Sunday, 1 December 2013

What the CIA-NSA snooper state left behind in Iraq

Here’s yesterday’s news from Iraq tucked away on page A6 of the Saturday Times (Headline: ’18 are found shot to death after abduction in Baghdad’.)

*Eighteen people were seized by ‘armed men in sport utility vehicles and dressed in military uniforms’ who went from door to door pulling out specific individuals (all Sunnis). They were found shot and the bodies dumped on a farm. In plain English: death squads operate with impunity, probably at the direction of the central government authority. However, among the dead were an army officer and a policeman, so there appear to be more than one death squad operating at the whim of different factions among the powerful.

*Seven laborers were found decapitated near Tikrit north of Baghdad.

*Five people were killed by a roadside bomb in Radhwaniya.

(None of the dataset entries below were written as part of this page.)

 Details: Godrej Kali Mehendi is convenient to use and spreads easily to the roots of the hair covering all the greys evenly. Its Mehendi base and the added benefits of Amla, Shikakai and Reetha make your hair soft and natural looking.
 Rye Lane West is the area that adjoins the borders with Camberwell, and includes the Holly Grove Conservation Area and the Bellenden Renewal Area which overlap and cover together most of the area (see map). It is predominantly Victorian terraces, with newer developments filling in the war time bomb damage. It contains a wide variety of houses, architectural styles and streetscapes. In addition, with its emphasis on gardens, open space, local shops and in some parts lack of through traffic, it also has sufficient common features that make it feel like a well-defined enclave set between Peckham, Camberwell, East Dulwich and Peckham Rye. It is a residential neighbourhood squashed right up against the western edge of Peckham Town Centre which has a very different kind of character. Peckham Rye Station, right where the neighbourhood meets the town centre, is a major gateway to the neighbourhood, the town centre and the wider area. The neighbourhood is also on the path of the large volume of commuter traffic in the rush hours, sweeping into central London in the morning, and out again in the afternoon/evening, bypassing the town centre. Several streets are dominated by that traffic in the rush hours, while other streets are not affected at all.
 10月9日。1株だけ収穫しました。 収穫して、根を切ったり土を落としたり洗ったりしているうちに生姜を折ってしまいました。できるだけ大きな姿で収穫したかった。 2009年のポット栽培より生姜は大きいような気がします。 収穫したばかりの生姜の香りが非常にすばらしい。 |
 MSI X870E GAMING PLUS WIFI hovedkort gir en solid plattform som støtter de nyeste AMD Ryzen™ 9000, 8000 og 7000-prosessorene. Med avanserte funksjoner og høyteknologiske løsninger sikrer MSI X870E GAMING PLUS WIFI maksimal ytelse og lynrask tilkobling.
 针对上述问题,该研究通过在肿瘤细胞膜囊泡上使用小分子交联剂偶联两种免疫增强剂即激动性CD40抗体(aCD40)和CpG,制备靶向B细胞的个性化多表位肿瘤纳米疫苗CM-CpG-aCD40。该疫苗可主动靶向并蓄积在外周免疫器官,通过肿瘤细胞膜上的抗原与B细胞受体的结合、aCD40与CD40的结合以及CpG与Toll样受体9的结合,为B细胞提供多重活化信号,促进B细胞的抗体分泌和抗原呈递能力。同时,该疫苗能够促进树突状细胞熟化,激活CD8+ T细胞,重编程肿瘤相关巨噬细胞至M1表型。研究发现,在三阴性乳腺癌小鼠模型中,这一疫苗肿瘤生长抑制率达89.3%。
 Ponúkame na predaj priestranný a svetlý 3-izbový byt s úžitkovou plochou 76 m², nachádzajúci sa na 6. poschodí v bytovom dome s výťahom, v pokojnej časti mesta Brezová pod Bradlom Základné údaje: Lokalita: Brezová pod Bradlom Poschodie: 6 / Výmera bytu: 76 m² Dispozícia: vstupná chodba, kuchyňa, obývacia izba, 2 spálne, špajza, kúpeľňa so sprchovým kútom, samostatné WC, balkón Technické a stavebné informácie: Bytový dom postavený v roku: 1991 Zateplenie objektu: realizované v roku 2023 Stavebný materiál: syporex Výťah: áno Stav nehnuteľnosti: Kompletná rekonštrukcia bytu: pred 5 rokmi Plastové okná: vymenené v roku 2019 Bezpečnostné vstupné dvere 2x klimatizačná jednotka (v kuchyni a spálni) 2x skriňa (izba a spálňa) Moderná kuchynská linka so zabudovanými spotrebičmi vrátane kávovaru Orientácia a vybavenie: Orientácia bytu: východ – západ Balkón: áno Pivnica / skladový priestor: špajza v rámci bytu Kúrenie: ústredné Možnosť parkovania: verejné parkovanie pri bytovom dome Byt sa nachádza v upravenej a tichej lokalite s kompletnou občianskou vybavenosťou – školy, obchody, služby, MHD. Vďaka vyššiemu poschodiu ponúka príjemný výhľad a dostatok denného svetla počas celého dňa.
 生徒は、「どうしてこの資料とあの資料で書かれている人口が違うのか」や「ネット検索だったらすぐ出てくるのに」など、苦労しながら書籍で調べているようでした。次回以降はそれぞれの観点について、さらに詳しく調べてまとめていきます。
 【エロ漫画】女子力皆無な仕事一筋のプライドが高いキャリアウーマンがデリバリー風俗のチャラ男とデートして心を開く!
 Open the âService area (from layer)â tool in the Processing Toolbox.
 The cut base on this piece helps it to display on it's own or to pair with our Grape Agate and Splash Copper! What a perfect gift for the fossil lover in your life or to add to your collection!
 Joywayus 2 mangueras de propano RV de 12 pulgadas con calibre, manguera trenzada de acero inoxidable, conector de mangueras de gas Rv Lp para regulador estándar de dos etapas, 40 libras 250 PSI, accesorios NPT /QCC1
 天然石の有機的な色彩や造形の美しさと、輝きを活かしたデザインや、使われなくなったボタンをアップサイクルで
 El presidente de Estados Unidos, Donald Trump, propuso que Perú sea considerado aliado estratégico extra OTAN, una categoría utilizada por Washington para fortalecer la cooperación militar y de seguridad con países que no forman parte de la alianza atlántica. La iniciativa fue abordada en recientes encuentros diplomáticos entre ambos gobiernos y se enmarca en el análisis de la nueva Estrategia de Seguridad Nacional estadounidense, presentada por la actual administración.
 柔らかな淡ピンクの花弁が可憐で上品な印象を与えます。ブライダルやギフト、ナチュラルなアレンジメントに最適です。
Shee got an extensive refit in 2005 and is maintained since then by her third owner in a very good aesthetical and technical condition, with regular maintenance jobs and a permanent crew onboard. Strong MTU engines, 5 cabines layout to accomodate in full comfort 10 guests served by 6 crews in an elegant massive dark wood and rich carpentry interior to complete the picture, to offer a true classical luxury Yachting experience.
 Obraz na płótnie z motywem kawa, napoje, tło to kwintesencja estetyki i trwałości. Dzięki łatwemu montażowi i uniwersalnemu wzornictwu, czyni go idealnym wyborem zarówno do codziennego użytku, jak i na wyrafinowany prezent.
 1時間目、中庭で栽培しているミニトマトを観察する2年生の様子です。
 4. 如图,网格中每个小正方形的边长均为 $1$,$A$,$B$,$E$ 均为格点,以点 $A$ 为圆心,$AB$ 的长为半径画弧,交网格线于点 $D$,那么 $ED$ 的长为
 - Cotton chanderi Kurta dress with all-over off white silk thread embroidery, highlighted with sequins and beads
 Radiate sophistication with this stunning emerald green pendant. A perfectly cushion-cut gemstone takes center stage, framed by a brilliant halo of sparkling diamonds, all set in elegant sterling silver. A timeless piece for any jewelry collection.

*In a Shiite area of Baghdad, three men’s bodies were found showing signs of torture.

*Six women living in a house together were found assassinated by weapons with silencers.

*29 other people were killed, as the Times tersely puts it, ‘in shopping areas’. We can assume this means the usual pattern of bomb attacks in food markets that are so routine now that reporters barely need to describe them.

And that’s just one day in the life of the average Iraqi.

Let’s keep this in mind when debates about whether Edward Snowden and The Guardian are damaging ‘national security’ by letting us know about the snooping powers of the state. This is the same state that systematically lied to us about Iraq after 9/11 to falsely blame the Iraqi people for it, that persecuted domestic dissidents (like Michigan State professor Juan Cole) for daring to oppose the war plans, that sent off crusading knights to seize control of that country, that substituted Biblical exegesis for common sense and planning in doing so thereby setting off an appalling spiral of violence that utterly destroyed a society already devastated by decades of terrifying dictatorship, that showed indifference and contempt for the safety of the residents of its conquered territory and that eventually withdrew in defeat but is now too embarrassed by that failure to remind itself of the horrific, ongoing destruction that it wrought on innocent civilians.

So yes, governments theoretically have the right to keep secrets and to maintain an intelligence apparatus. But they have to earn it.